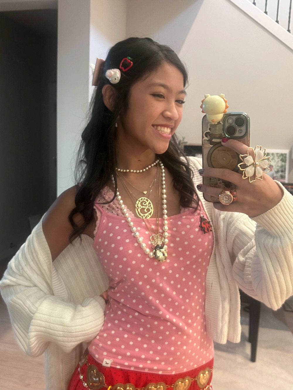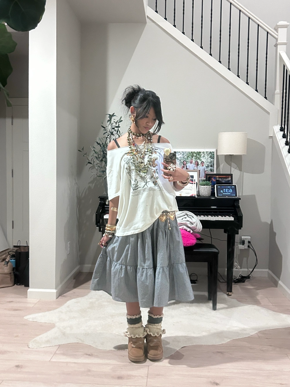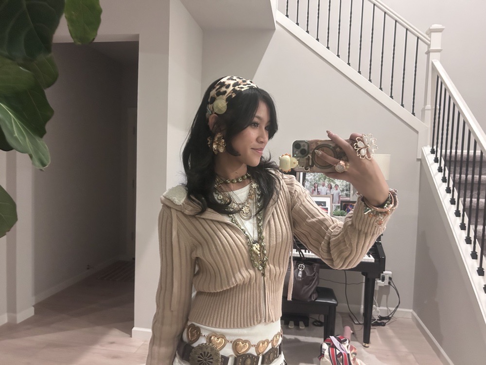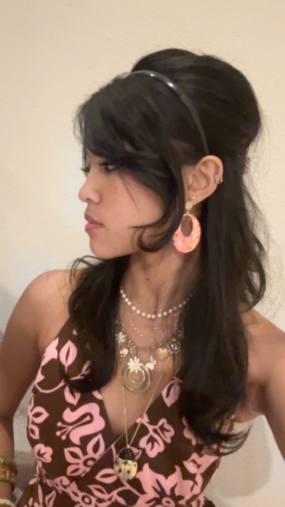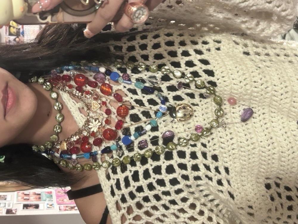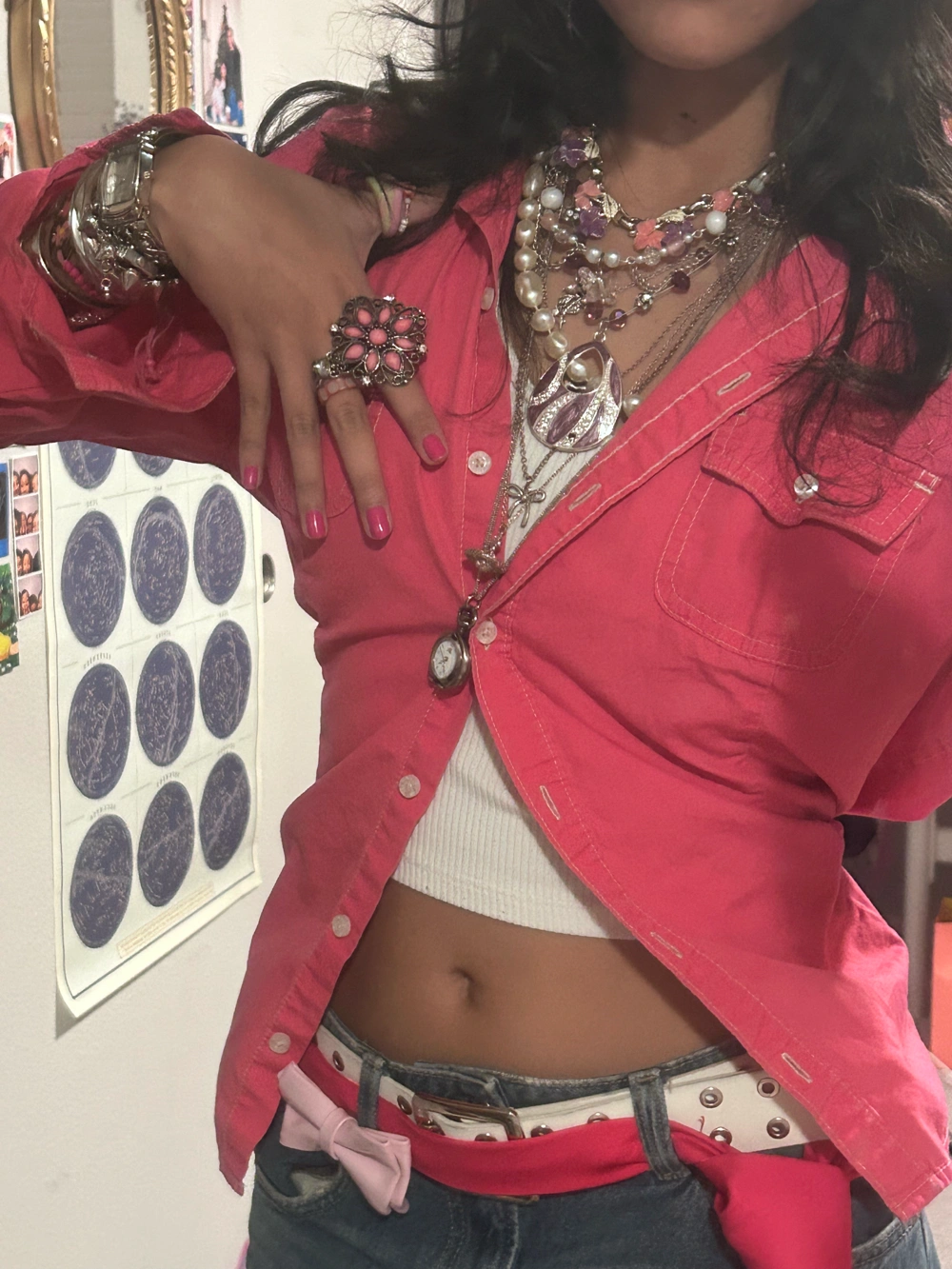 me and my friend had matching earings today !! super fun shell outfit today even though it was cold, my earrings and belt (that’s actually a necklace) r a matching set
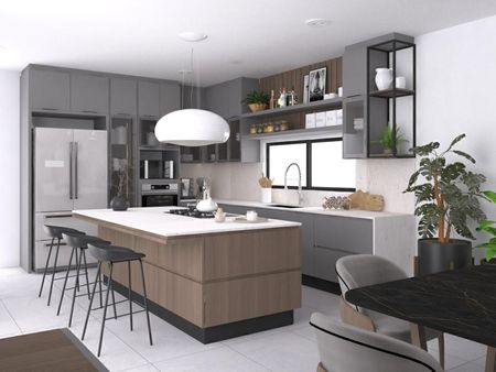 -Cocina abierta a área social diseñada con acabados de lujo, cubierta de cuarzo, listón de cedro.
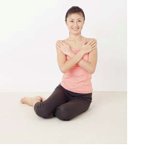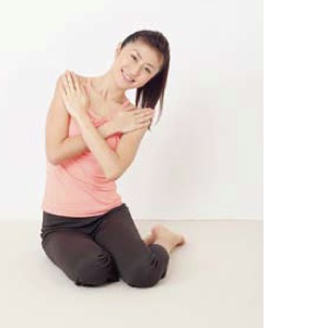 首先維持跪坐,雙手手臂放至鎖骨下方交差。
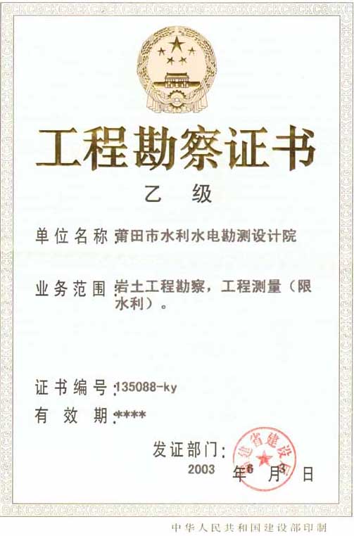 >> 工程勘察、測(cè)量乙級(jí)資質(zhì)
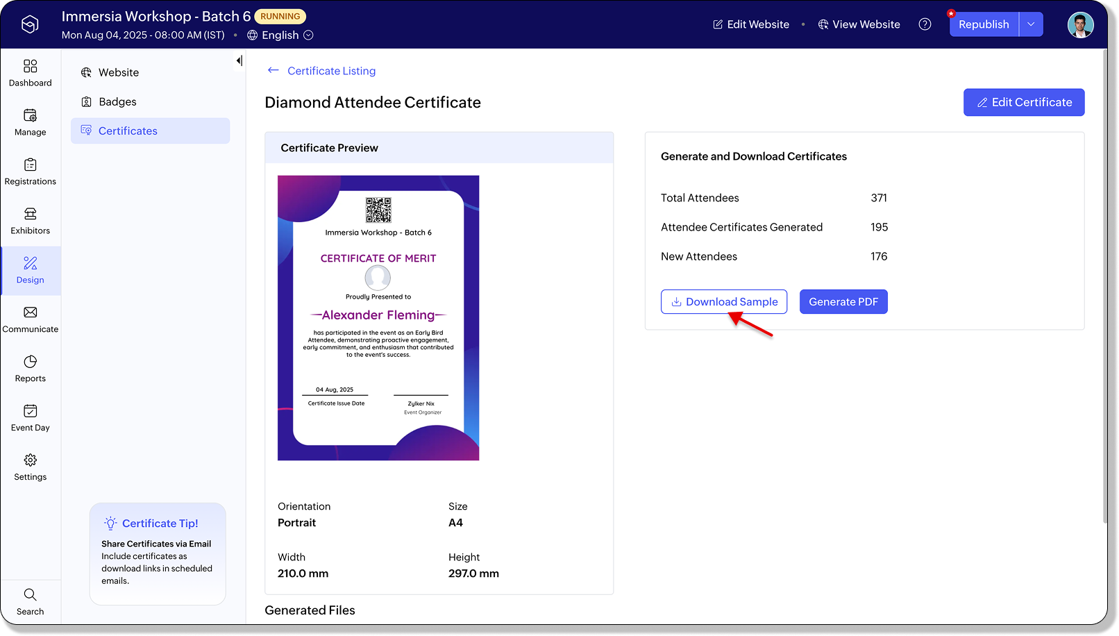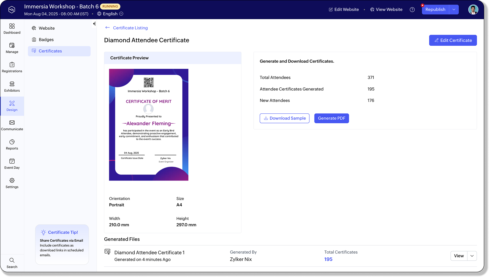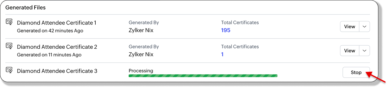 - 生成・ダウンロード証明書セクションでは、総受取人数、すでに作成済みの証明書、生成保留中の数が表示されます。
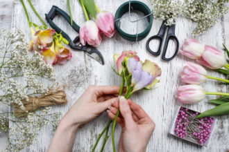 Примеры пошагового составления 100 букетов, начиная от сервировки одного цветка и заканчивая многослойными композициями из множества растений разных сортов, предст …
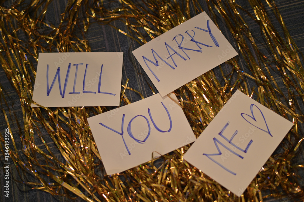 Proposal message Will you marry me written on white cards with blue text, placed on golden tinsel background, creating romantic atmosphere

◇ ◇ ◇ ◇ ◇ ◇ ◇

● What the task asks
All lines from the start of the entries above through the line containing "- 生成・ダウンロード証明書" are to be given again exactly; the pictures are not.

● Solution to this exercise
 me and my friend had matching earings today !! super fun shell outfit today even though it was cold, my earrings and belt (that’s actually a necklace) r a matching set
 -Cocina abierta a área social diseñada con acabados de lujo, cubierta de cuarzo, listón de cedro.
 首先維持跪坐,雙手手臂放至鎖骨下方交差。
 >> 工程勘察、測(cè)量乙級(jí)資質(zhì)
 - 生成・ダウンロード証明書セクションでは、総受取人数、すでに作成済みの証明書、生成保留中の数が表示されます。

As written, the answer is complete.